As at 15 May, the fund had received 173,226 ATO-approved requests for early release of super (ERS), totalling $1.18 billion.
Hostplus had paid 158,080 members a total of $1.05 billion, managing to process 97 per cent of its payments within the APRA-mandated five-day limit.
Four weeks into the scheme commencing, as at 10 May, early release claims across the super industry totalled $10 billion.
Hostplus chief executive David Elia said members across the hospitality, sport and tourism industries were among those hit hardest by the pandemic.
“We’ve brought on additional staff who are working around the clock to manage members’ enquiries but there is clearly more work to do,” Mr Elia said.
“… Prior to the current COVID-19 crisis, Hostplus would typically receive around 100 financial hardship applications in an average week.
“The number of special early release applications we’ve received to date is around 360 times higher than our normal volume, and our call centre has experienced a 290 per cent increase in calls in addition to the more than 8,000 emails also being received per week.”
But the fund has remained confident in its cash reserves and liquidity position despite the influx of early release claims, stating it will remain comfortable in accommodating investment switches and routine benefit payments.
The total amount of cash available to Hostplus as at 18 May was reported to be $6 billion.
“The total sum of ERS payments requested by Hostplus members to date represents less than 2.6 per cent of the fund’s total funds under management,” Mr Elia said.
“The overall number of people requesting early release is also getting lower each week. With parts of the economy beginning to reopen, Hostplus expects this trend to continue.”
Mr Elia added that a number of payments have been delayed to ensure “accurate and secure processing” while fraud has run rampant.
The AFP indicated it was investigating a scam where up to 150 Australians had $10,000 wrongly released from their accounts.




Interesting, because the second round of $10k comes soon, and a lot of people will do this. Hostplus also wont be having the same inflows because most their members are hospitality, which is one of the most industries impacted most. Surely there has to be some re-balancing going on, and in particular their illiquid assets.
So they have paid out more than $1B despite 95% of members being in the default fund, which holds zero allocation to cash and fixed interest. Something doesn’t add up. And if these funds are thinking those who took $10K won’t come back in July for another bite at the cherry, they are dreaming
Industry duds – would prefer their returns than those from the retail funds.

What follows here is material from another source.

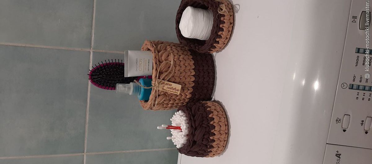 Хлопковое вязаные корзиночки помогут вам аккуратно разместить ватные палочки .диски,расчёски и другое.Хороший и нужный подарок для ваших друзей.Могу выполнить в любом цвете.Деревынные донышки создают дополнительную устойчивость .

Which retail funds? There are plenty of low cost retail funds that outperform “Industry” funds with a similar asset allocation.
“Industry” funds outperform when they are compared to old high fee retail funds from the 80s and 90s, or when they are mislabelled to hide their true asset allocation. It’s deliberately misleading and deceptive.

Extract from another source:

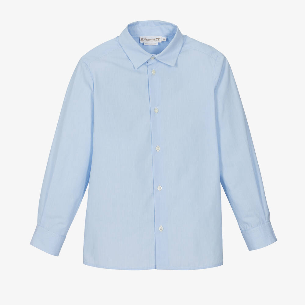 Classic blue pinstripe shirt for boys by French designer Bonpoint, woven in lightweight cotton poplin. Smart and understated, it has a pointed collar and button fastenings on the front and on the cuffs.

Hang on, I thought they were supposed to be insolvent by now. Don’t tell me some of the retail fund aligned advisers were spreading fake news.
I don’t understand why super funds would be dealing with so many enquiries relating to COVID-19 early release. Isn’t it being administered by the ATO via myGov? Couldn’t the super funds just put a message on their website and phone system directing people there? Or is it because super funds want to have a conversation with consumers first, so they can try to talk them out of withdrawal? After all, funds like HostPlus need that money themselves to pay for football sponsorships, corporate entertaining, and union operating costs.
Of course the number of people requesting early release is getting lower. You can only make one request before 30 June, and most people who plan to do so will have already done it. But there will be a huge spike in requests come 1 July when the window opens for the next round. The financial hardship caused by COVID-19 is not disappearing overnight due to a minor relaxation in restrictions.
These guys really have no idea what’s about to come if they think it will ease off… By October there will be a ghost town of dead retail and restaurant chains. Most businesses can’t financially support 20-50% seating capacities.
With higher unemployment, the amount of contributions in the near future is likely to taper off substantially – which I think is what you are getting at here?